TASK PROMPT
Within the entries below, please return exactly the lines from the one with "На часовом графике" through the one with "anahtarlı küpe kolye", leaving out any pictures.
====== DATA EXTRACTS
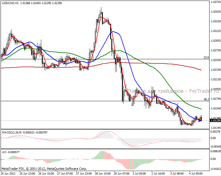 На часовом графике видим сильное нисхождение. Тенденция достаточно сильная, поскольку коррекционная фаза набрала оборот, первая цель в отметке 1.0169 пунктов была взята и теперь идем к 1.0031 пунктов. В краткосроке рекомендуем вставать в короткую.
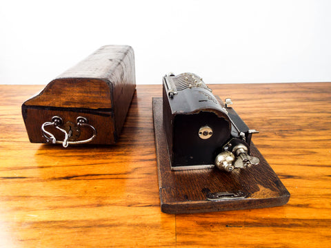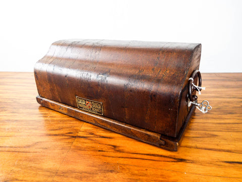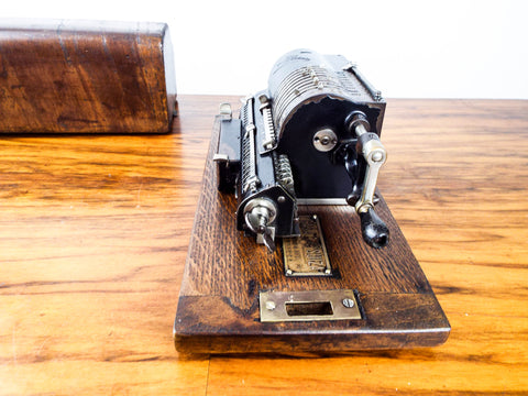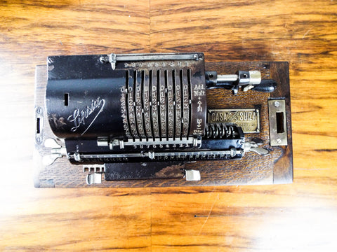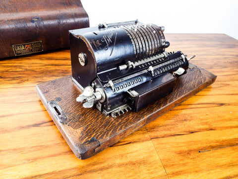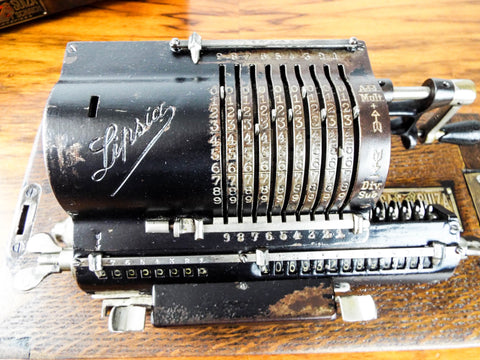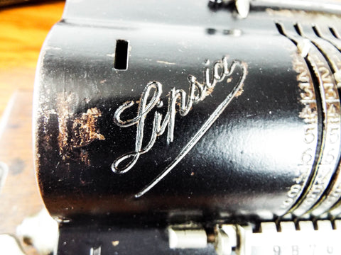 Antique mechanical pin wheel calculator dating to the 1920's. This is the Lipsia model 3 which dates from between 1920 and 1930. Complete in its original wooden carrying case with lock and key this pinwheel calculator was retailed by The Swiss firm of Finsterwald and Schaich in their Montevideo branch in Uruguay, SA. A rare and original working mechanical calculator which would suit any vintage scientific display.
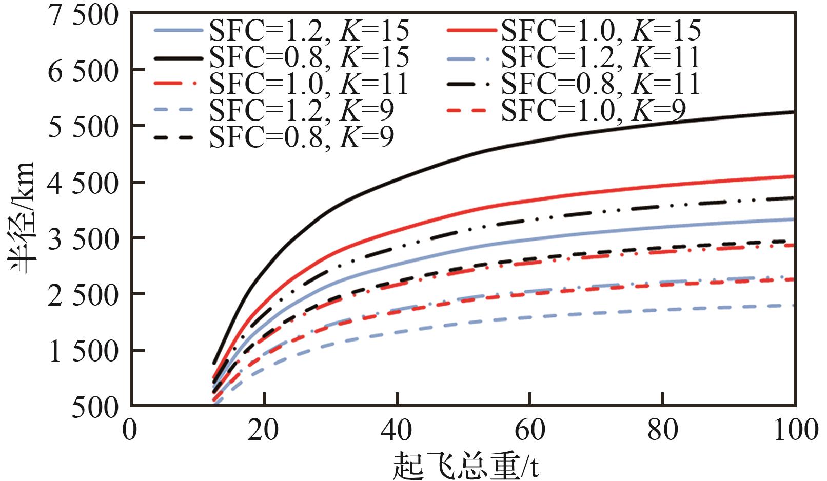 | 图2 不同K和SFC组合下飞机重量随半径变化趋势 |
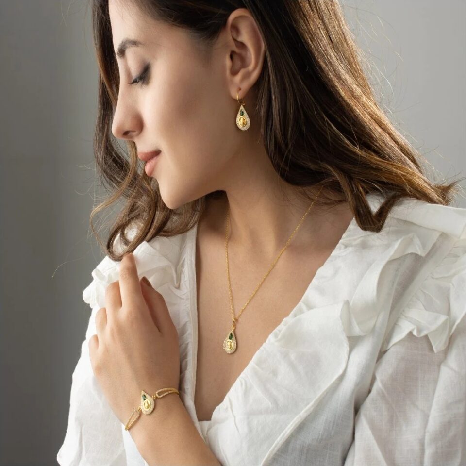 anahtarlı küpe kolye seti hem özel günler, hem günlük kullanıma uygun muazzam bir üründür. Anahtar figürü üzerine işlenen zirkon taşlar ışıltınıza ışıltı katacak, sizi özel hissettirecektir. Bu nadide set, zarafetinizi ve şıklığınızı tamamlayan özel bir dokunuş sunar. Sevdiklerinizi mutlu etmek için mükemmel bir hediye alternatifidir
============
====== DATA EXTRACTS
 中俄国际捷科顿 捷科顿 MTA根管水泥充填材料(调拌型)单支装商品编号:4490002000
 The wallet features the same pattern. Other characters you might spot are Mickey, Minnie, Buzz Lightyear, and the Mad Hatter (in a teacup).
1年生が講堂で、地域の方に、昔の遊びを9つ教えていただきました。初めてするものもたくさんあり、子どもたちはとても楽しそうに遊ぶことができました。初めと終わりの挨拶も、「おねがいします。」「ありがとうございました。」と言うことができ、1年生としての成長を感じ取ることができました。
============
RESPONSE TO THIS EXERCISE
 На часовом графике видим сильное нисхождение. Тенденция достаточно сильная, поскольку коррекционная фаза набрала оборот, первая цель в отметке 1.0169 пунктов была взята и теперь идем к 1.0031 пунктов. В краткосроке рекомендуем вставать в короткую.
 Antique mechanical pin wheel calculator dating to the 1920's. This is the Lipsia model 3 which dates from between 1920 and 1930. Complete in its original wooden carrying case with lock and key this pinwheel calculator was retailed by The Swiss firm of Finsterwald and Schaich in their Montevideo branch in Uruguay, SA. A rare and original working mechanical calculator which would suit any vintage scientific display.
 | 图2 不同K和SFC组合下飞机重量随半径变化趋势 |
 anahtarlı küpe kolye seti hem özel günler, hem günlük kullanıma uygun muazzam bir üründür. Anahtar figürü üzerine işlenen zirkon taşlar ışıltınıza ışıltı katacak, sizi özel hissettirecektir. Bu nadide set, zarafetinizi ve şıklığınızı tamamlayan özel bir dokunuş sunar. Sevdiklerinizi mutlu etmek için mükemmel bir hediye alternatifidir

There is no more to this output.